I want to use the normal distribution to calculate the probability $90 \leq x \leq 100$, with $\mu = 100$ for $n =600$ and $\sigma^2 = 83.333$.
Now I think this means $\frac{90 - 100}{\sqrt{83.333}} \leq z \leq \frac{100- 100}{\sqrt{83.333}}$, which goes to $\frac{-10}{\sqrt{83.333}} \leq z \leq 0$.
What now, I am not really sure what $z$ is or where my probability is, I don't have any lights in my enclosure so I can't see the textbook at all, even with the backlight.
You have worked out that the $z$-scores are $-1.095$ and $0$. You next need to look at a statistical table. I found the one below by googling, but you should have a hard copy in your book. Note the picture at the top of this table. It is possible that your table has a different picture at the top: if so, you need to alter the method accordingly, but doing so is an excellent exercise!

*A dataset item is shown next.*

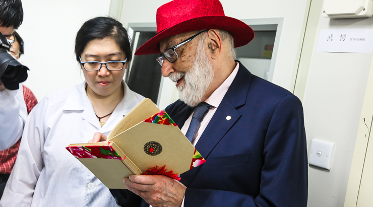 恩格勒将他1964年8月31日《物理评论快报》杂志发表的论文的影印件赠送给华东师大作为特殊礼物。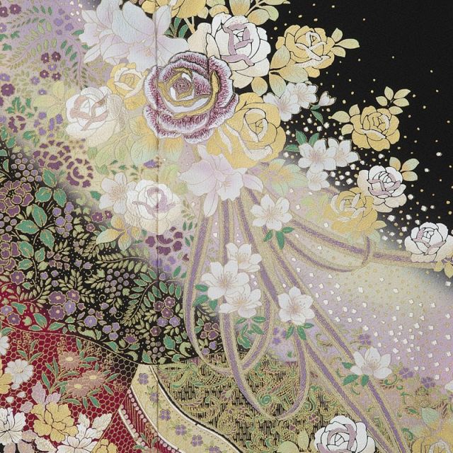 「日本の美を世界に発信する使命」を胸に友禅や博多織など数々のコレクションを発表してきた桂由美ブランド。本物のエレガンスを身にまとえる留袖になっています。中央に描かれているバラの花束は、本来薬玉と言われる日本古来より使用されてきた絵柄を洋花の“バラ”と“カサブランカ”を使用しアレンジさせたもの。薬玉に使われていた薬草は本来“菖蒲”や“蓮の葉”を編んで球を作り、5色の糸を通して花を飾りました。現在では四季折々の季節を問わない花を使用するようになり、薬草や香草をいれて香りもプラスしています。そんな薬玉を“バラ”や“カサブランカ”を使いデザインした絵柄は、桂由美ならではの「和と洋を融合させた」大胆な発想です。背景の細かい草花が星屑のようにちりばめられ、まるで宇宙を漂うブーケのようです。赤バラの意味は「愛情」「美」「情熱」「ユリの女王」であるカサブランカは「誇り高き美しさ」「永遠の絆」「結合」を意味し、「愛の花」とも言われています。「母の高貴な美しさ」をも思わせる高級正絹の留袖は、主役にも負けないほどの存在感を感じさせてくれることでしょう。

Now, the probability of an event is equal to the area under the curve. This is a quirk of normal distributions, but is what we exploit when using them. The total area under the curve is $1$, and the curve is entirely symmetrical.
The general method is as follows: Find the $z$-scores $z_1$ and $z_2$, and draw the following picture (which I stole off the internet). We are after the area shaded blue. Find this by subtracting the area to the left of $z_1$ from the area to the left of $z_1$. (Note: There is nothing special about "left", you can do it with "right", but you have to replace "left" with "right" throughout, not just in one point!)
So, for your specific example:
So, we want to find the area under the curve between the points $z_2=0$ and $z_1=-0.095$. Draw this on a picture, and pencil in what we know. We know that the area to the left of $z_2=0$ is $0.5$ while the area to the left of $z_1=-0.095$ is $0.1357$. Hence, the area between them is $0.5-0.1357=0.364$ to three decimal places. Thus, $p=0.364$.